#### Exercise directions
Pictures are to be left out, and every entry repeated exactly.

Dataset entries
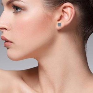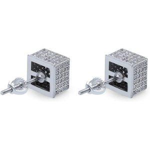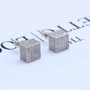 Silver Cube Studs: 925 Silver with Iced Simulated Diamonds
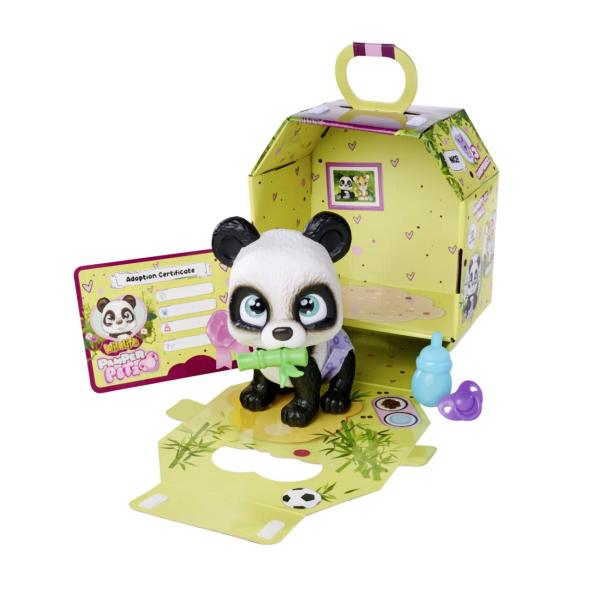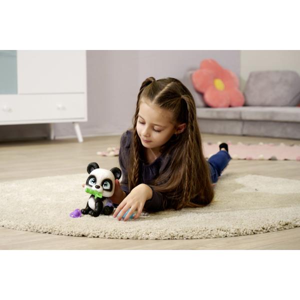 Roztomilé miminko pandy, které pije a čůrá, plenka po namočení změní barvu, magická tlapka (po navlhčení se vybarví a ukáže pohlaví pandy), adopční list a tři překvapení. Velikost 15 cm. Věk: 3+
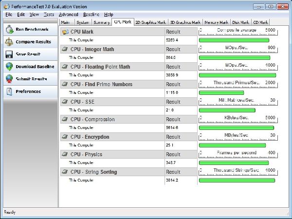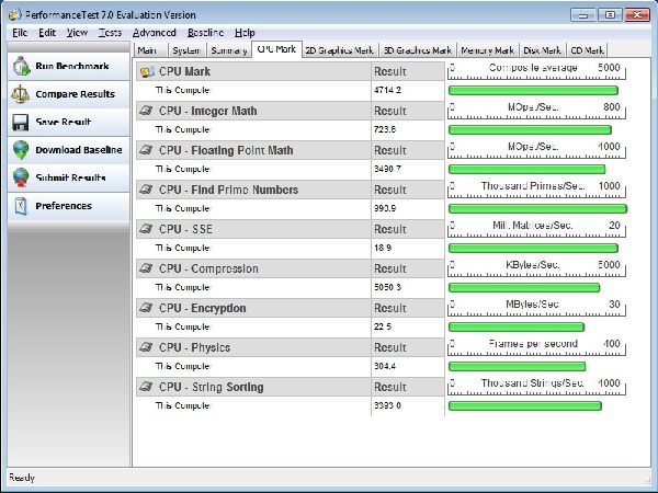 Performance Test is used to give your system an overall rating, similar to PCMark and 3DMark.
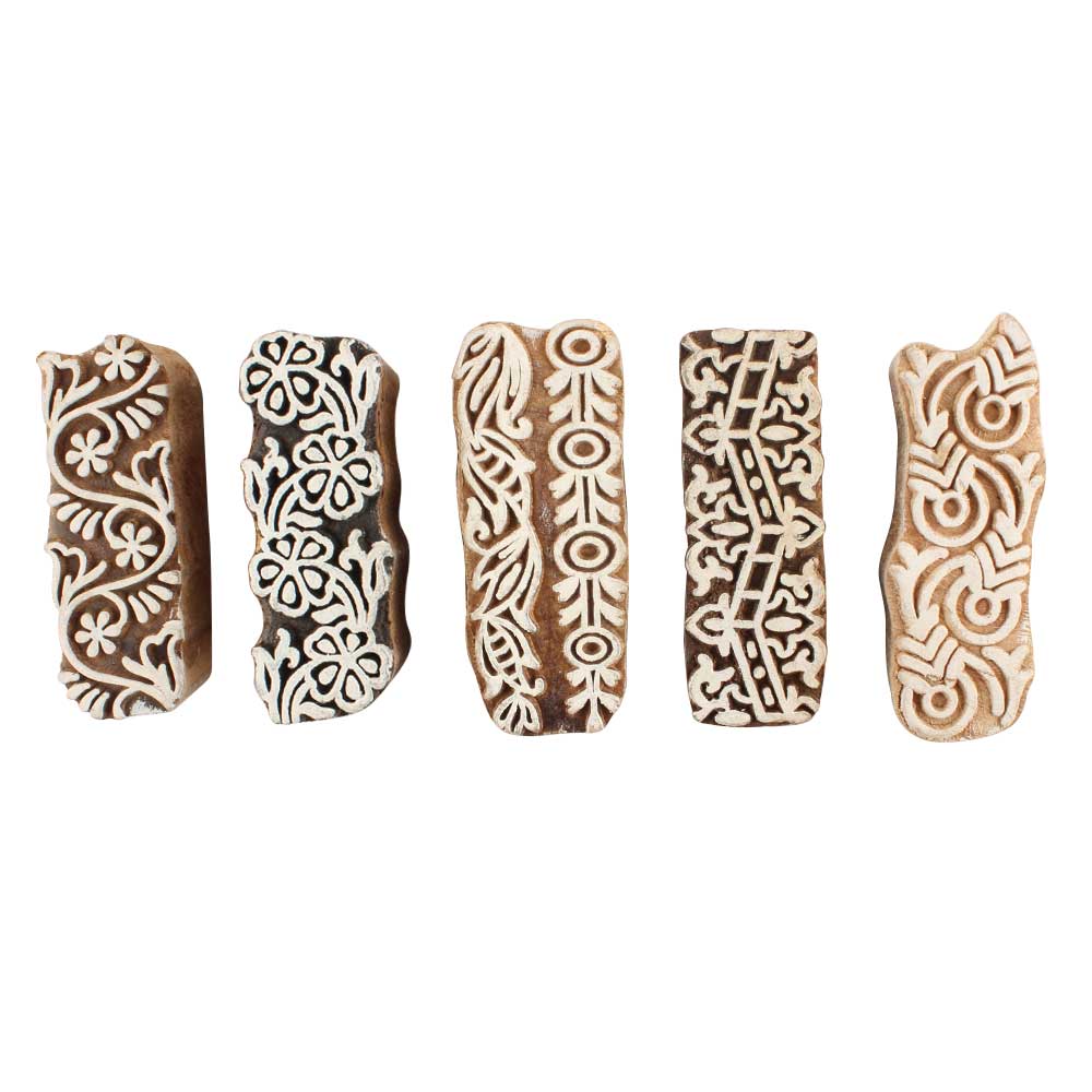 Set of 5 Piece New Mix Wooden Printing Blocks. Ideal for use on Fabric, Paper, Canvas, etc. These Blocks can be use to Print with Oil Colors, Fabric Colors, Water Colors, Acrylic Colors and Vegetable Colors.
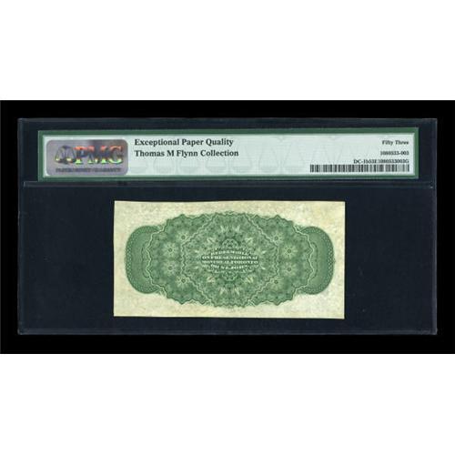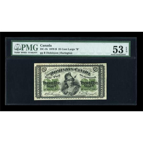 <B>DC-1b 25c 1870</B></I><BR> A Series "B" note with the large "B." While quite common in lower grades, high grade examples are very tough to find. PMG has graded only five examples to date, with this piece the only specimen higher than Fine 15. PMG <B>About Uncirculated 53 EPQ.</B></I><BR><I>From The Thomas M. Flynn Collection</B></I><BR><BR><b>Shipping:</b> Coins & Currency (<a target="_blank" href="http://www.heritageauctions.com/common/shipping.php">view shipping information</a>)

#### Solution for this exercise
 Silver Cube Studs: 925 Silver with Iced Simulated Diamonds
 Roztomilé miminko pandy, které pije a čůrá, plenka po namočení změní barvu, magická tlapka (po navlhčení se vybarví a ukáže pohlaví pandy), adopční list a tři překvapení. Velikost 15 cm. Věk: 3+
 Performance Test is used to give your system an overall rating, similar to PCMark and 3DMark.
 Set of 5 Piece New Mix Wooden Printing Blocks. Ideal for use on Fabric, Paper, Canvas, etc. These Blocks can be use to Print with Oil Colors, Fabric Colors, Water Colors, Acrylic Colors and Vegetable Colors.
 <B>DC-1b 25c 1870</B></I><BR> A Series "B" note with the large "B." While quite common in lower grades, high grade examples are very tough to find. PMG has graded only five examples to date, with this piece the only specimen higher than Fine 15. PMG <B>About Uncirculated 53 EPQ.</B></I><BR><I>From The Thomas M. Flynn Collection</B></I><BR><BR><b>Shipping:</b> Coins & Currency (<a target="_blank" href="http://www.heritageauctions.com/common/shipping.php">view shipping information</a>)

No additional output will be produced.